Przeprowadzka ma przynieść korzyści
Amrest zamierza przenieść się z Polski do Hiszpanii. Chce też wejść na rynek giełdowy gdzieś na Zachodzie Europy, nie precyzując gdzie konkretnie. W komunikacie tłumaczy, że Hiszpania to dla firmy drugi najważniejszy rynek, po polskim. Spółka podkreśla też korzyści płynące z przeniesienia się do kraju należącego do strefy euro:
Przeniesienie do Hiszpanii i notowanie na giełdzie papierów wartościowych w Europie Zachodniej spowodują, że akcje Spółki będą notowane w euro, które jest walutą silną i dobrze rozpoznawalną na międzynarodowych rynkach finansowych, co powinno przynieść Spółce korzyści, w tym dostęp do nowych możliwości finansowania, szerszy dostęp do międzynarodowych rynków kapitałowych, zwiększenie rozpoznawalności marki i promocję.

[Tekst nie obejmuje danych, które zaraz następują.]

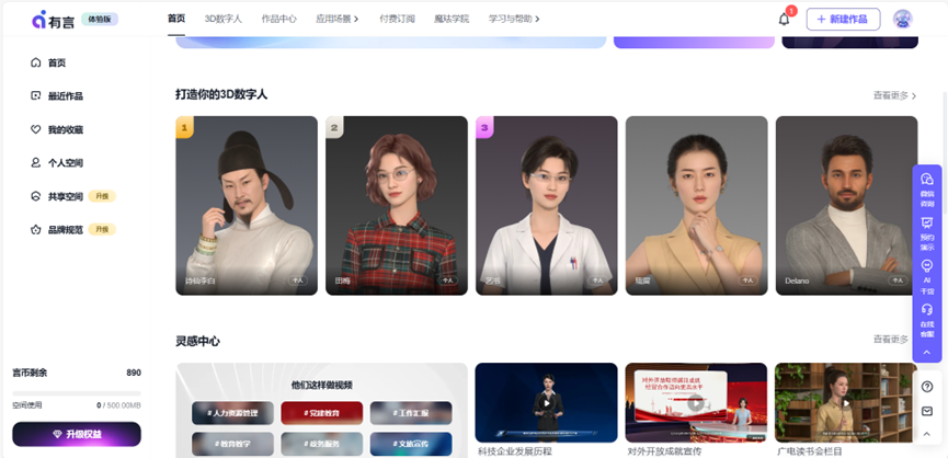 網址:https://bao.360.com/flowBaoApp?id=3857&platform=douyin 9 有言 有言是專業(yè)的 3D AI 數(shù)字人創(chuàng)作平臺,在 3D 數(shù)字人領域那可是相當有一套。它最大的優(yōu)勢就是 3D 數(shù)字人形象庫極其豐富,不管你想要打造什么風格的虛擬形象,時尚潮流的、古風古韻的、二次元萌系的,基本都能在里面找到原型,滿足絕大部分對于 3D 數(shù)字人口播視頻的需求。
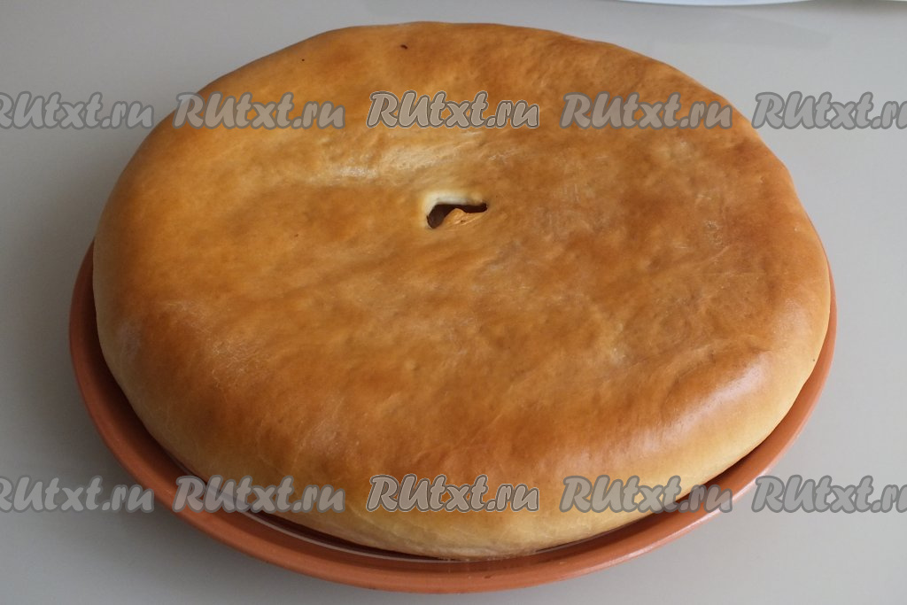 Слегка натягивая краешки верхнего пласта теста, подверните их под нижний пласт. В центре пирога сделайте отверстие для выхода пара. Прикройте полотенцем подготовленный пирог и оставьте на 15 минут на расстойку.

Amrest w tej chwili zarządza siecią restauracji Pizza Hut i KFC w Polsce i w kilku innych krajach naszego regionu. Posiada też licencje na prowadzenie lokali Starbucksa i Burger Kinga w niektórych krajach Europy Środkowej. Działa też na rynku rosyjskim i chińskim. Spółka w najbliższych latach chce położyć większy nacisk na rozwój w Europie Zachodniej. Przenosiny do Hiszpanii mają w tym znacząco pomóc.
Dlaczego akurat Hiszpania?
Hiszpania jest obecnie najbardziej zyskownym rynkiem dla Amrestu. W pierwszym kwartale tego roku spółka osiągnęła tam 29 mln PLN zysku operacyjnego. W Polsce ten zysk wyniósł 12 mln PLN, a w Czechach 15 mln PLN. Jednocześnie Amrest miał w tym okresie 23 mln PLN straty w Niemczech i na innych rynkach Europy Zachodniej. To właśnie zapewne spółka zamierza poprawić także za pomocą przenosin.
Spore znaczenie w wyborze akurat Hiszpanii na miejsce docelowe dla spółki ma też zapewne fakt, że we władzach spółki od roku dominują osoby hiszpańskojęzyczne. Rok temu kontrolę nad Amrestem przejął Carlos Fernandes Gonzalez – wcześniej szef największego browaru w Meksyku, a także członek rady doradców w Banco Santander.
Kwestia podatkowa
Amrest zapewnia, że z punktu widzenia klientów KFC, czy Pizzy Hut nic się nie zmieni. Zmiany nie odczują też inwestorzy giełdowi, bo spółka nadal ma być notowana na warszawskiej giełdzie. Ale zmiana siedziby oznacza, że Amrest stanie się rezydentem podatkowym w Hiszpanii, będzie więc płacił podatki dochodowe tam, a nie w Polsce.
W 2016 roku Amrest zapłacił 32,7 mln PLN podatku dochodowego. W tym roku w pierwszym kwartale podatek wyniósł 7,2 mln PLN.
Konieczna zgoda akcjonariuszy
Przeprowadzka Amrestu z Wrocławia do Madrytu ma się odbyć w lutym 2019. Jednak aby mogła się odbyć, pomysł musi zaakceptować Walne Zgromadzenie Akcjonariuszy Amrestu. Zwołano je na 5 października. Teoretycznie rzecz biorąc przeprowadzkę można zablokować, bo na walnym muszą ją poprzeć głosy reprezentujące co najmniej 75 procent kapitału. Carlos Fernandes Gonzalez ma blisko 62 procent akcji w spółce, więc decyzję o przeprowadzce będzie musiało poprzeć także kilku akcjonariuszy mniejszościowych.
Obok Gonzaleza największymi współwłaścicielami w spółce są: jej założyciel Henry McGovern (5,9% akcji) i dwa fundusze OFE – Nationale Nederlanden (9,6% akcji) i PZU Złota Jesień (6,9% akcji). Obecna wartość rynkowa Amrestu to blisko 8 mld PLN.